Before Ayatollah Ali Hosseini Khamenei set out to conquer the Sunni Arab world in 1989, there were self-imposed rules that set real limits to Arab-Israeli warfare. In all the conflict between Israel and Arab states since May 1948, the world witnessed violence, saw civilians murdered, and heard countless expressions of hatred. But all that sound and fury obscured the rules that each side observed unilaterally.

At no point did Israel ever try to assassinate an Arab political leader, nor did any Arab state seek to kill an Israeli leader. Several Arab leaders were killed by fellow Arabs, and Israel lost one prime minister to a Jewish fanatic and a minister to a lone-wolf Palestinian assassin — but the prohibition of state assassinations was strictly observed.

Prisoners were also protected. In the 1948 war, both the Egyptian army and Jordan’s British-officered Arab Legion captured Jewish fighters of both sexes. These captives received Geneva convention treatment. They weren’t tortured, murdered, violated, or held as hostages to extract political concessions — as Hamas is currently doing and Hezbollah did in the past.

Similar restraint was practised by the Israeli army on a much larger scale in 1967 with its many thousands of Egyptian and Jordanian prisoners.
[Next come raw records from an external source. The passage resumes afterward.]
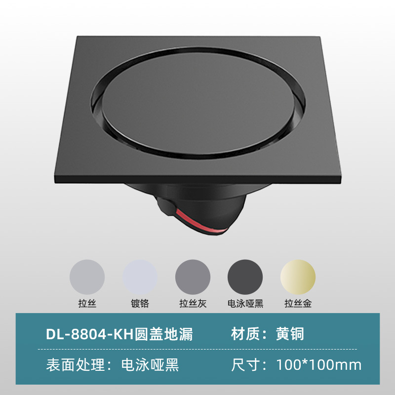 黄铜电泳哑黑--小隐圆盖干湿区通用地漏+防虫臭芯【10*10cm】
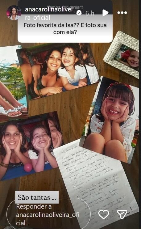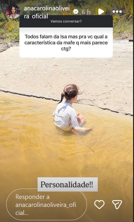 Agora, ao responder algumas perguntas dos internautas, Ana Carolina Oliveira falou de seus filhos. Ana Carolina foi perguntada sobre o que a sua caçula tem de parecido consigo. “Todos falam da Isa, mas pra você qual é a característica da Mafê que mais parece contigo?”, questionou uma internauta. E diante da pergunta, Ana Carolina mostrou uma foto rara de sua filha caçula e disse: “A personalidade!”.
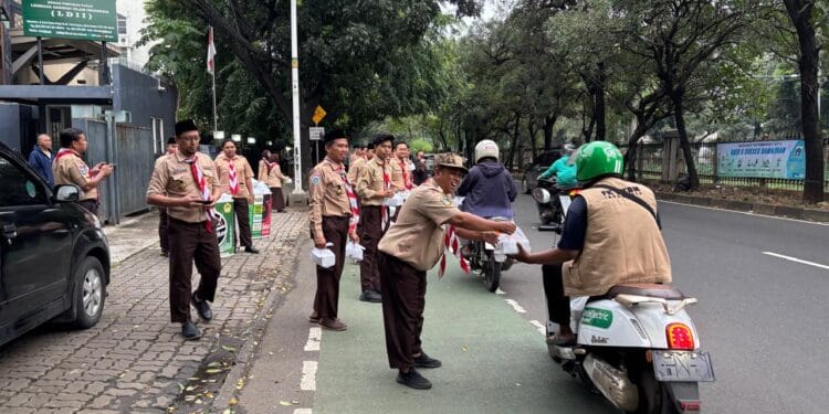 Jakarta-Spektroom: Dalam rangka menyemarakkan bulan suci Ramadhan 14247 Hijriah Pramuka satuan komunitas Sekawan persada Nusantara DKI Jakarta ( Sako SPN DKI Jakarta ) menggelar aksi sosial berbagi takjil kepada masyarakat.
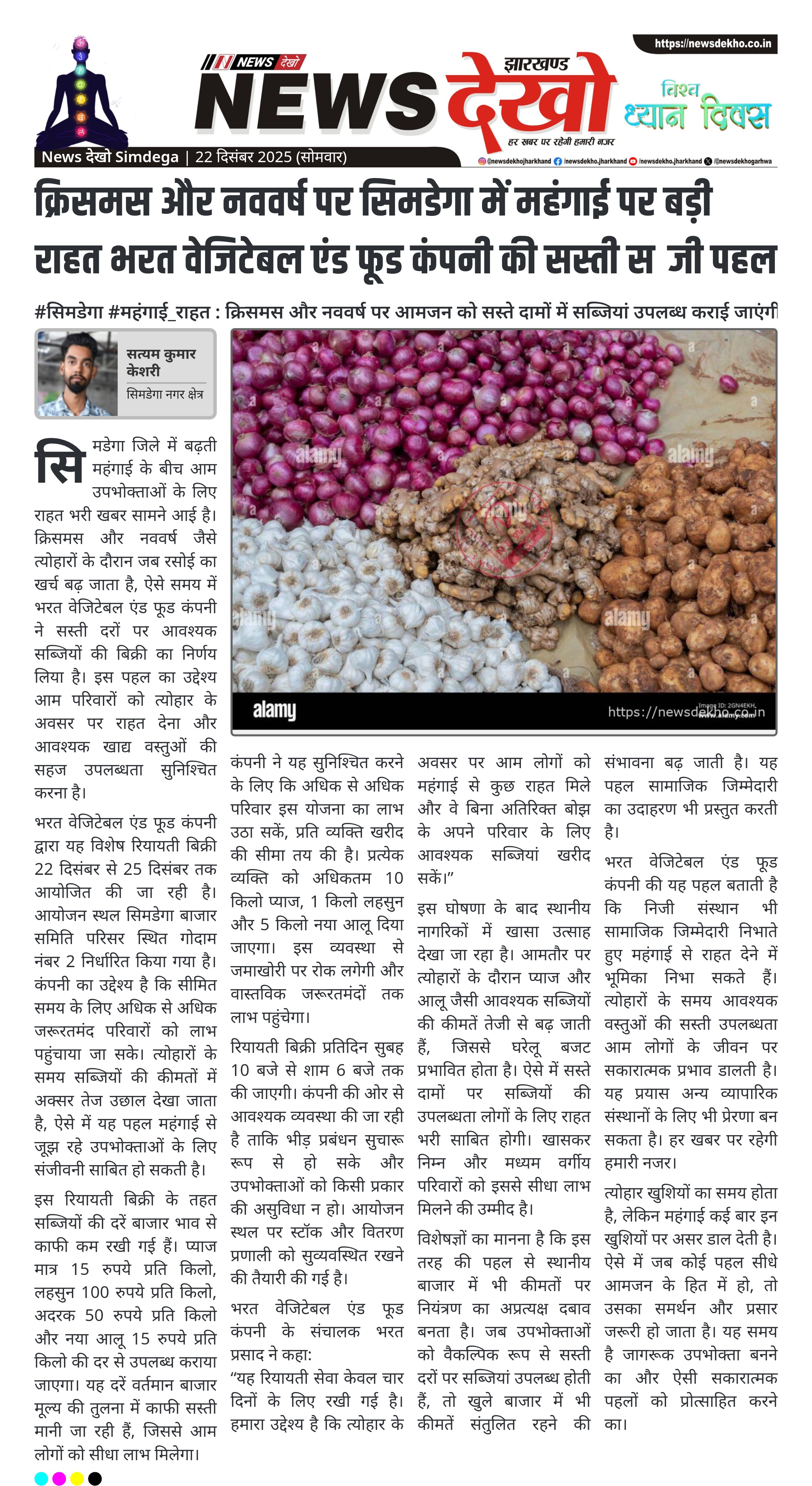 क्रिसमस और नववर्ष पर सिमडेगा में महंगाई पर बड़ी राहत भरत वेजिटेबल एंड फूड कंपनी की सस्ती सब्जी पहल
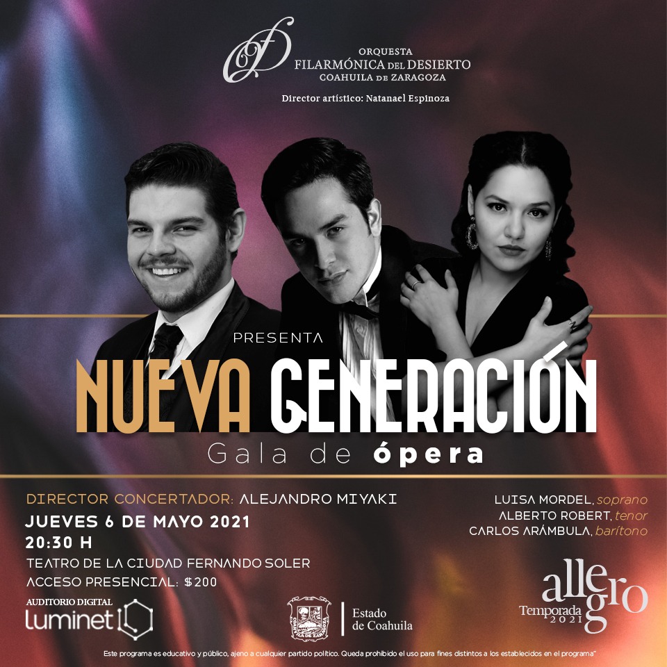La Secretaría de Cultura de Coahuila (SC), a través de la Orquesta Filarmónica del Desierto (OFDC) y el Teatro de la Ciudad Fernando Soler, se complace en presentar este 6 de mayo su primer concierto ExtraTemporada: la Gala Operística Nueva Generación.
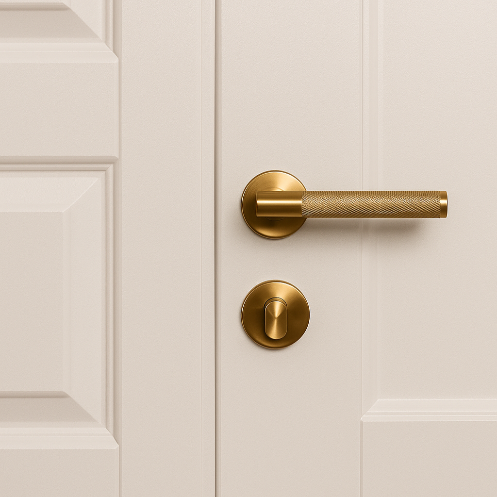 Stockholm dørhåndtak i børstet messing er de perfekte håndtakene for å gi ytterdøren din et luksuriøst preg. Dørhåndtakene har et moderne design som passer perfekt i nordiske hjem.
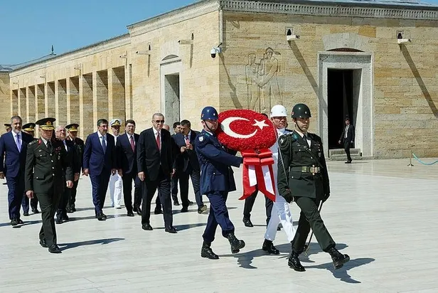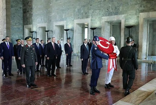 Başkan Erdoğan'ın ay yıldız motifli çelengi Atatürk'ün mozolesine bırakmasının ardından saygı duruşunda bulunuldu, İstiklal Marşı okundu.
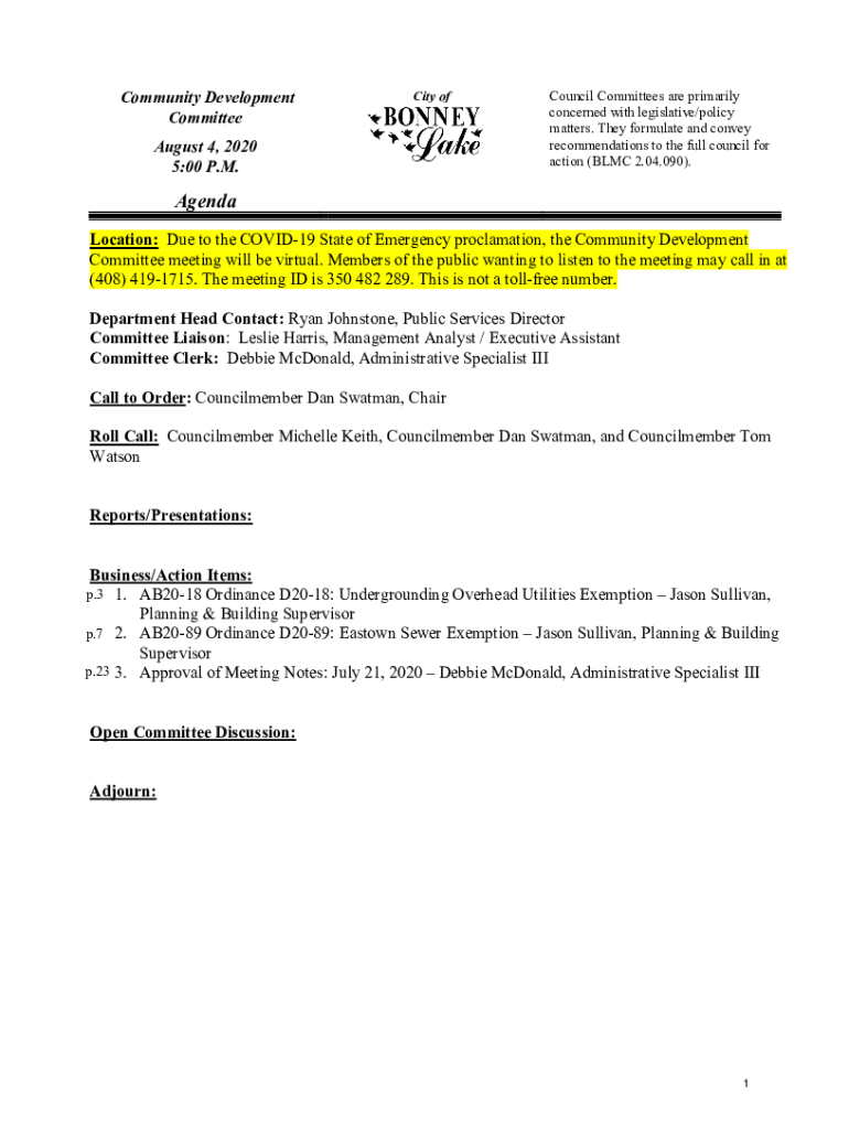 Community Development CommitteeCity of August 4, 2020 5:00 P.M. Council Committees are primarily concerned with legislative/policy matters. They formulate and convey recommendations to the full council

Then, in 1973, when the Egyptian army captured Israeli prisoners along the Suez Canal, they were treated humanely. Afterwards, prisoners were swiftly exchanged with neither side seeking political concessions. The Syrian army, itself in perpetual and murderous internal strife, killed some of the few Israelis it captured in the 1973 war, abused more of them, and would not return them without extracting concessions. But this was very much the exception to Arab state norms.
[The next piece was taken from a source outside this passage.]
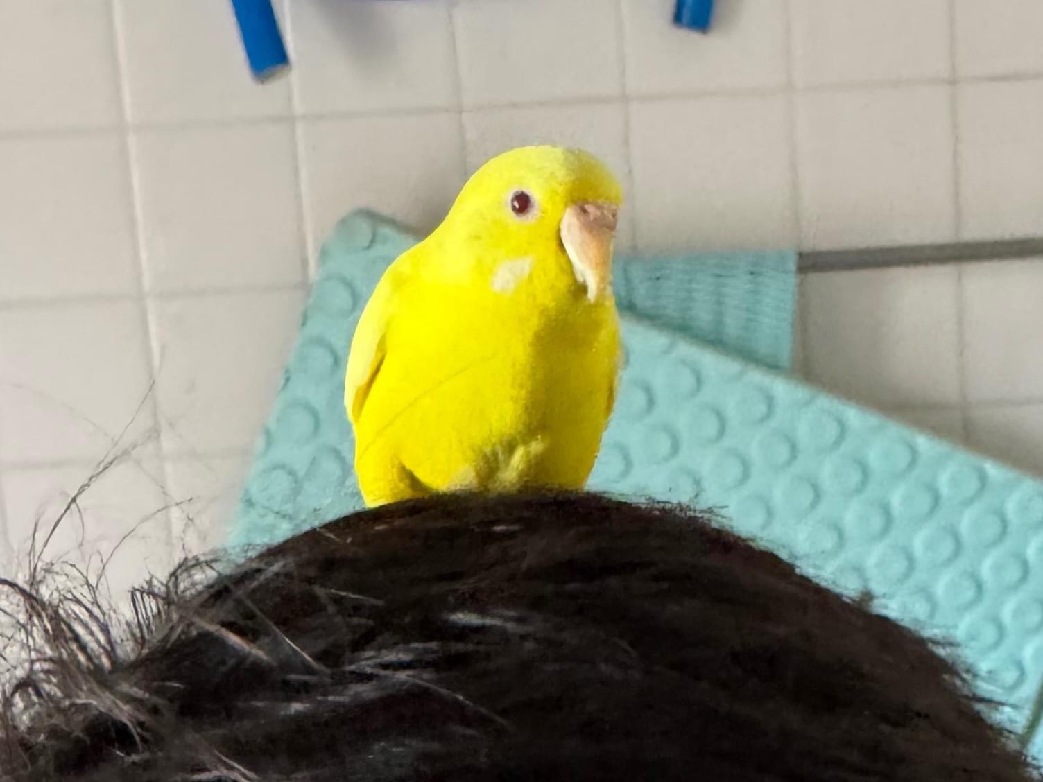 手を差し伸べたらすぐに乗って来て、ゲージが到着するまで1時間以上、私の頭や肩に乗ったままで、かなり人懐こい性格のようです。
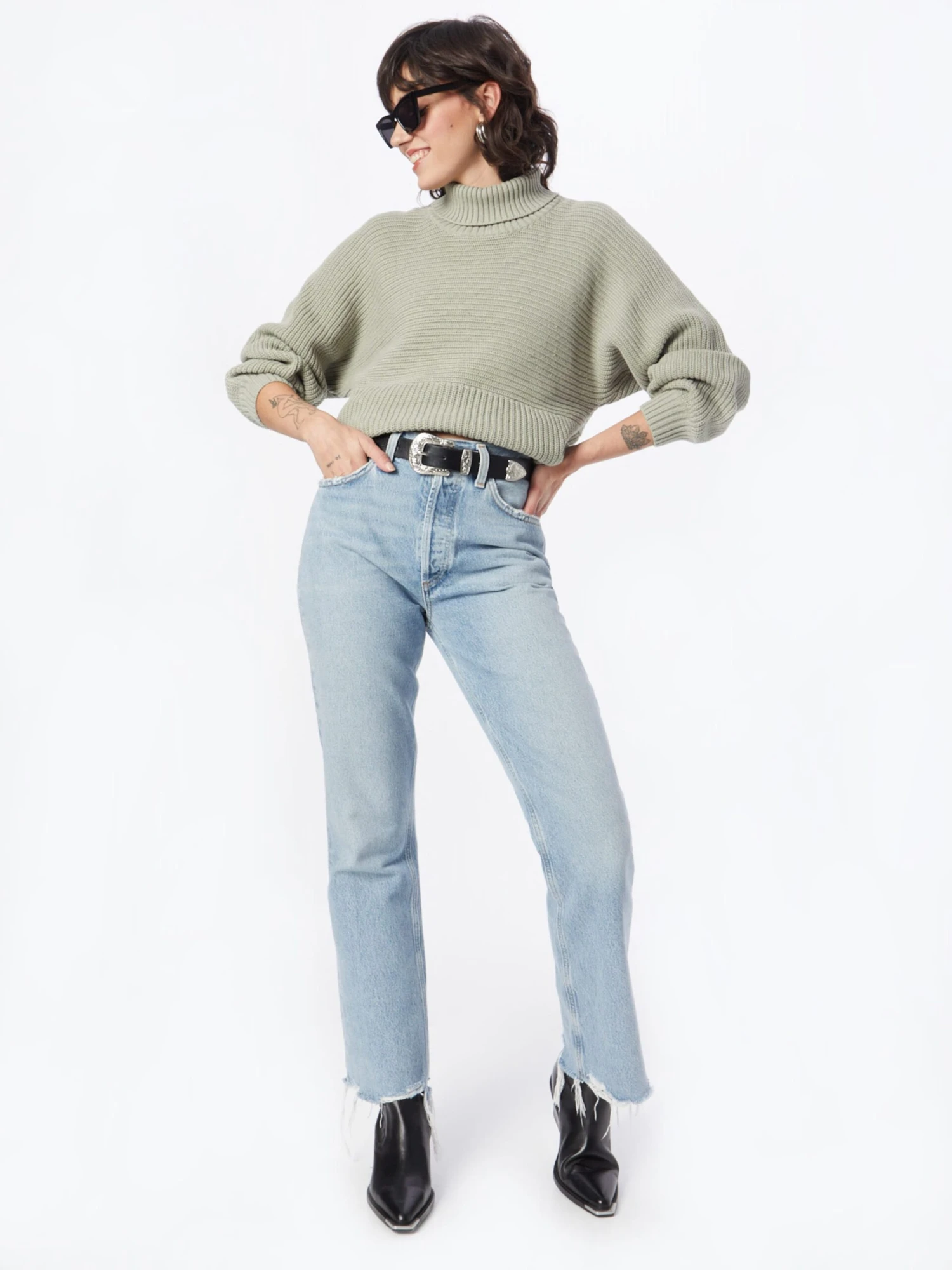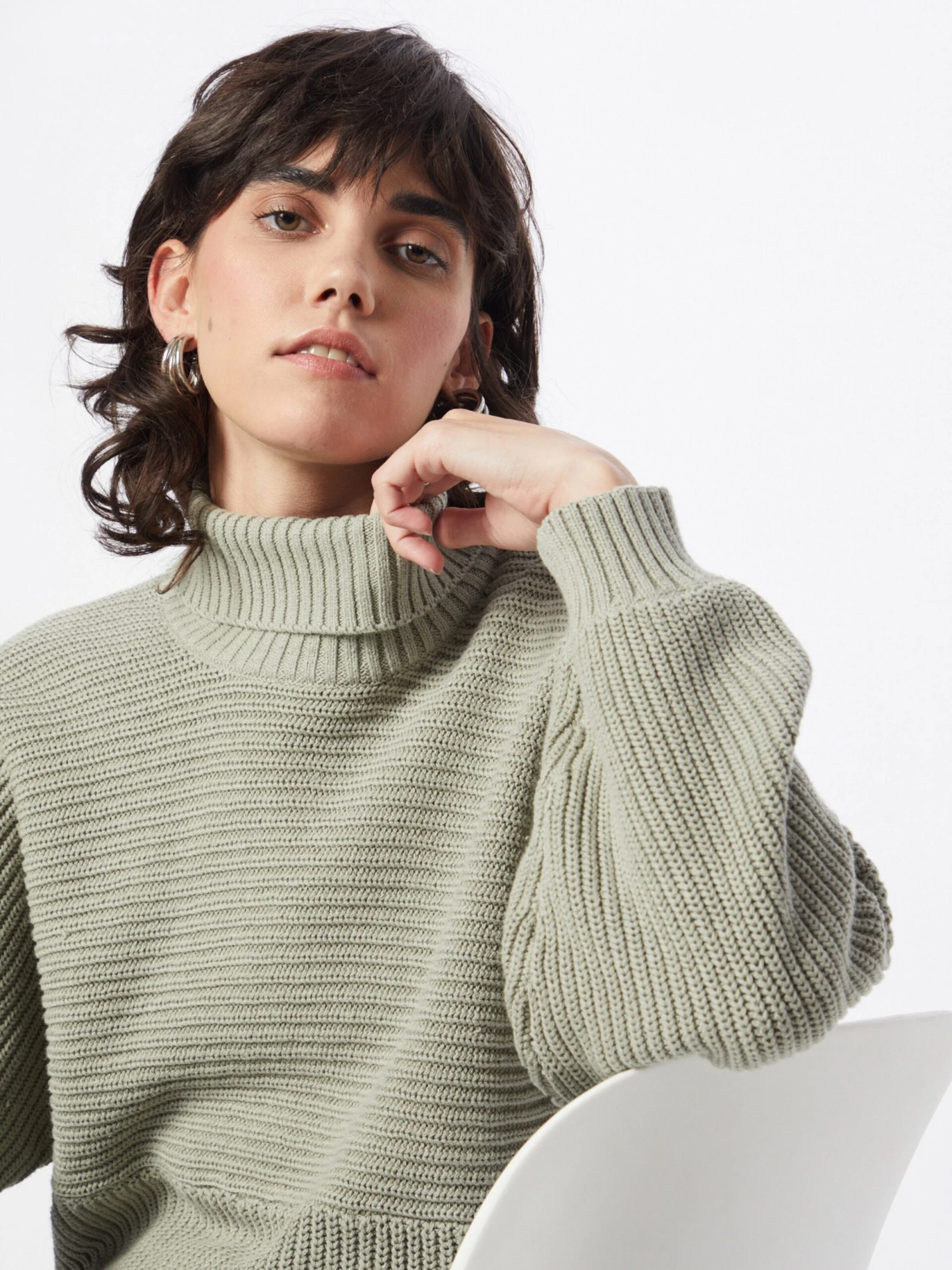 EffenKatoenColGeribbelde kraagGeribd ceintuurtjeOvercut schouderFully fashionedVoelt zacht aanHuidvriendelijk materiaal

“The October 7 attacks changed the rules.”

All this changed when Iran’s Shia and Persian theocracy arrived on the scene in the early Eighties, very deliberately outdoing all Arab states in hostility to Israel — with total destruction its declared aim. Though refraining from directly targeting Israel, the regime funded and armed all its enemies from Lebanon to Yemen on an ever larger scale. Hezbollah received billions of dollars in armaments and salaries; as did Yemen’s Houthis, who have spent the past year attacking shipping in the Red Sea and launching ballistic missiles at Israel. In Iraq, the Shia Kataeb militia is also armed and directed by Iran.

The October 7 attacks changed the rules. And in April, Iran attacked Israel directly for the first time, by launching cruise missiles, armed drones and ballistic missiles, each the size of a tanker truck. With that first ever direct attack, Ayatollah Khamenei had crossed a major red line — but Israel’s unique ballistic missile defences intercepted almost all the ballistic missiles that might have caused any real damage. Israel’s retaliation was limited, sending a single attack drone that did destroy its target, an anti-aircraft missile launcher near a nuclear site. Was Israel’s restraint misunderstood as weakness? Iran doubled down on October 1 this year with a much larger missile barrage after the assassination of Hamas commander Ismaile Haniyeh in Tehran.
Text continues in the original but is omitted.